Une réalité à laquelle les familles élargies aux prises avec le sida doivent faire face est la prise en charge des enfants orphelins. Etant donné leur nombre croissant et les craintes que suscite généralement l’infection à VIH, peu de ménages du cercle familial acceptent de les accueillir. Dans un grand nombre de sociétés africaines, ce sont les grands-parents qui sont sollicités pour cet accueil. Avec la propagation rapide du sida que connaît l’Afrique, la pratique familiale de prise en charge ou d’hébergement des enfants orphelins par la parenté atteint ses limites. Face à ces réticences de leurs propre parenté à leur assurer l’hébergement et la protection, et à la rareté des institutions ou structures publiques susceptibles d’accueillir ces enfants, le devenir de ces enfants rendus orphelins par l’épidémie de sida pose une question cruciale aux sociétés.
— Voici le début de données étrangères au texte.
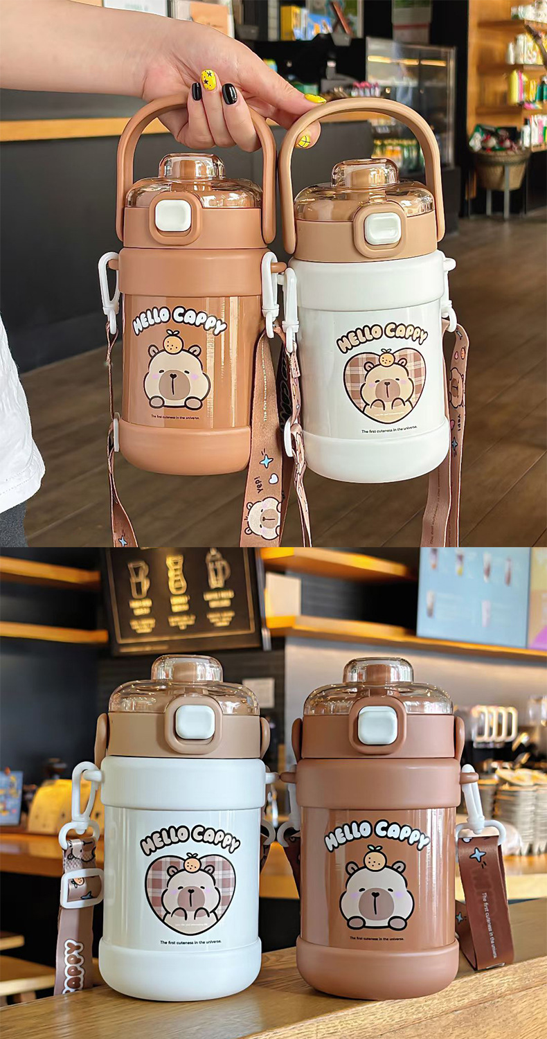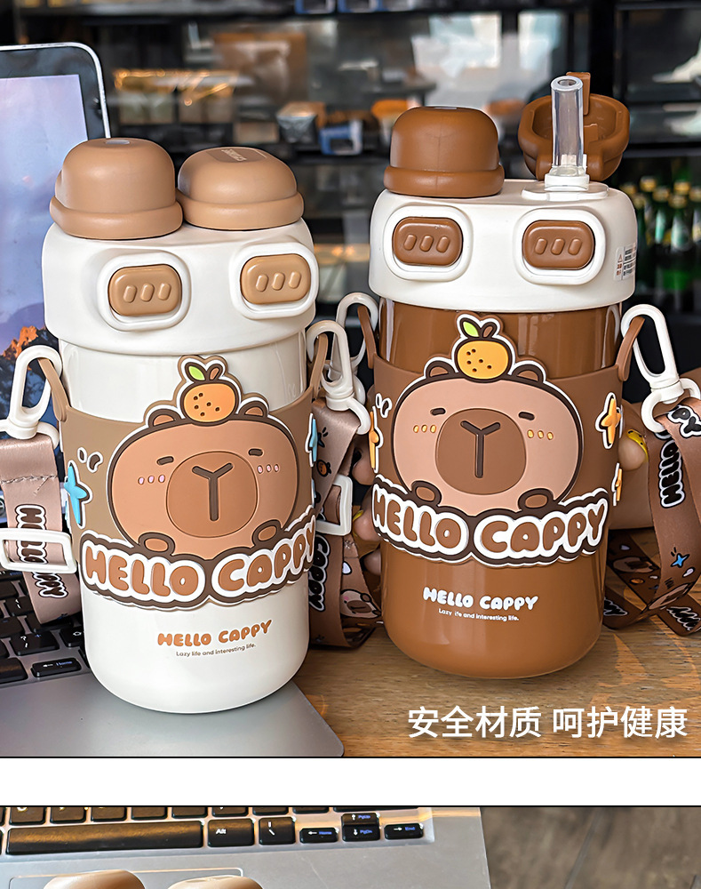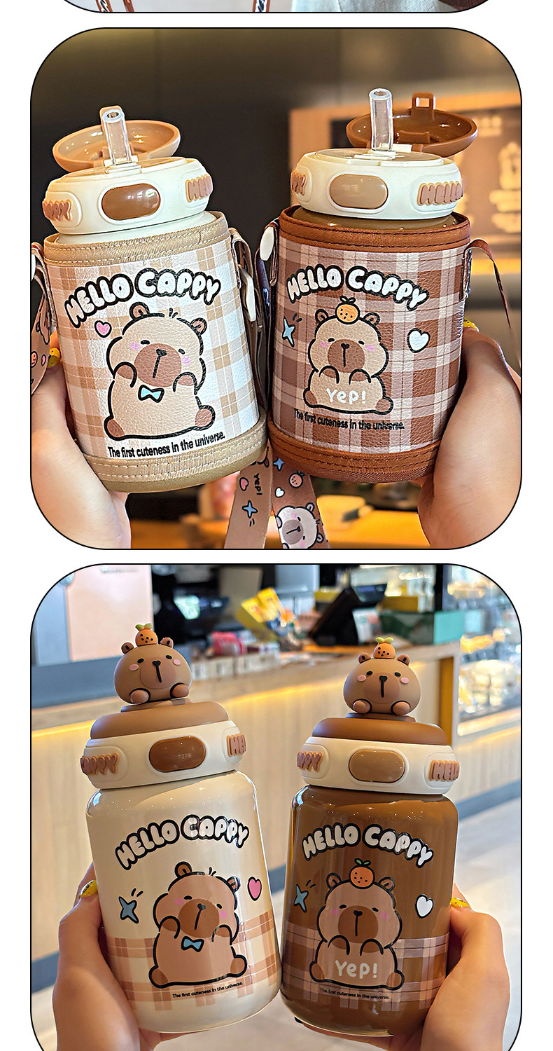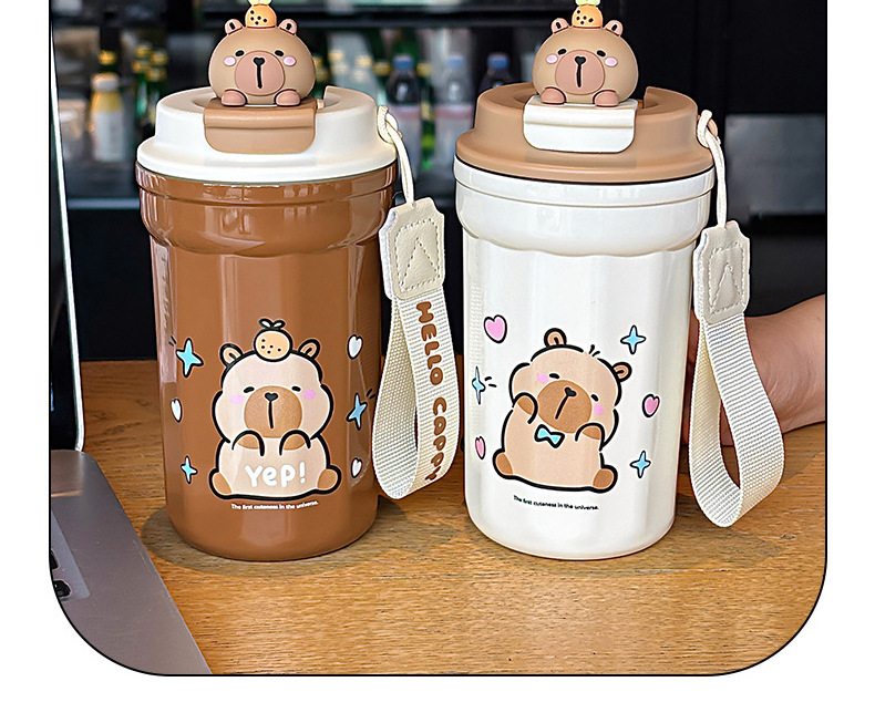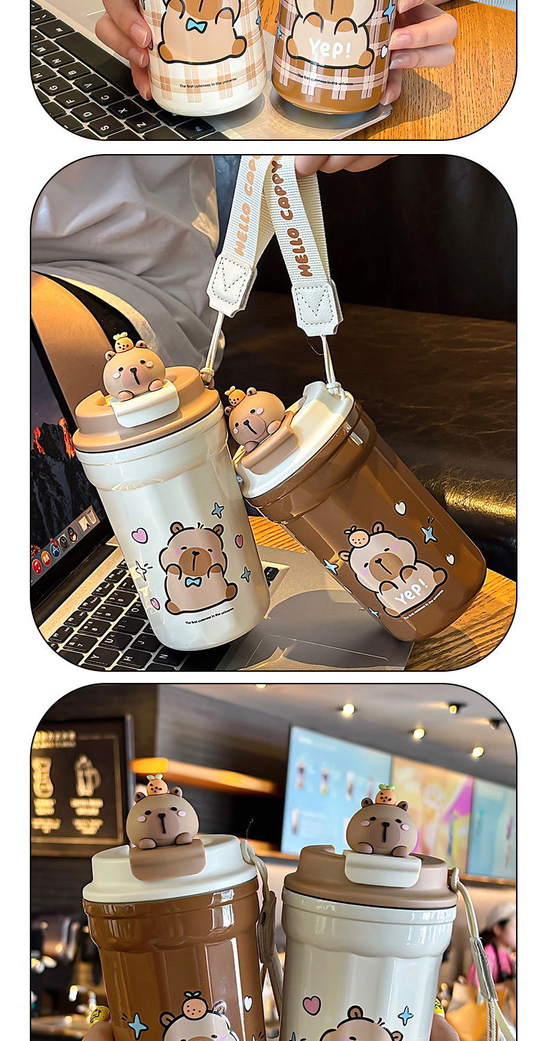 소녀와 어린이를위한 Kapibala 더블 음료 보온병 컵 316 스테인레스 스틸 귀여운 만화 주전자 휴대용 밀짚 컵스토어 가기

Nous proposons ici une synthèse bibliographique des informations disponibles sur ces enfants dont un des parents est infecté par le VIH/sida, ou en est décédé.  Nous ne traitons pas dans ce document de la prise en charge médicale des enfants infectés par le VIH/sida, mais plutôt de la prise en charge familiale, sociale ou institutionnelle de ces enfants affectés par le VIH/sida.  La communauté internationale a pris conscience depuis quelques années de l’ampleur de la crise que représente cette augmentation rapide des enfants orphelins, avec la mortalité croissante des adultes par sida en Afrique. Des rapports sur la situation ont donc été produits, en particulier par l’UNICEF, l’OMS et l’ONUSIDA UNICEF, UNAIDS et al., 2004, Landis, 2002, WHO and UNAIDS, 2002. Notre objectif est ici, non pas de dupliquer ou répéter ce qui est très bien dit dans ces rapports, mais de les compléter par la contribution de chercheurs dans le domaine de la population et du développement.  Nous nous attachons ici à expliciter les critères adoptés pour définir (partie 1) et mesurer (partie 2) le nombre d’enfants rendus orphelins, ou plus généralement vulnérables, par l’épidémie de sida. Nous rappelons les estimations actuelles de l’ampleur du phénomène (partie 3), avant d’examiner les solutions envisageables à la lumière des connaissances disponibles sur les systèmes familiaux et de prise en charge des orphelins (partie 4). Enfin dans la cinquième partie nous rappelons les diverses conséquences de cette crise sur les enfants (partie 5). Cette synthèse a pour objectif de rendre accessible au lecteur une grande partie de la littérature produite sur ces thèmes. Elle intègre les chiffres et rapports communiqués par les organisations internationales, mais aussi les recherches sur la famille et les systèmes traditionnels de solidarités entre générations menées par les démographes et les sociologues en Afrique, ou encore les recherches originales les plus récentes menées auprès d’enfants orphelins à cause du VIH/sida.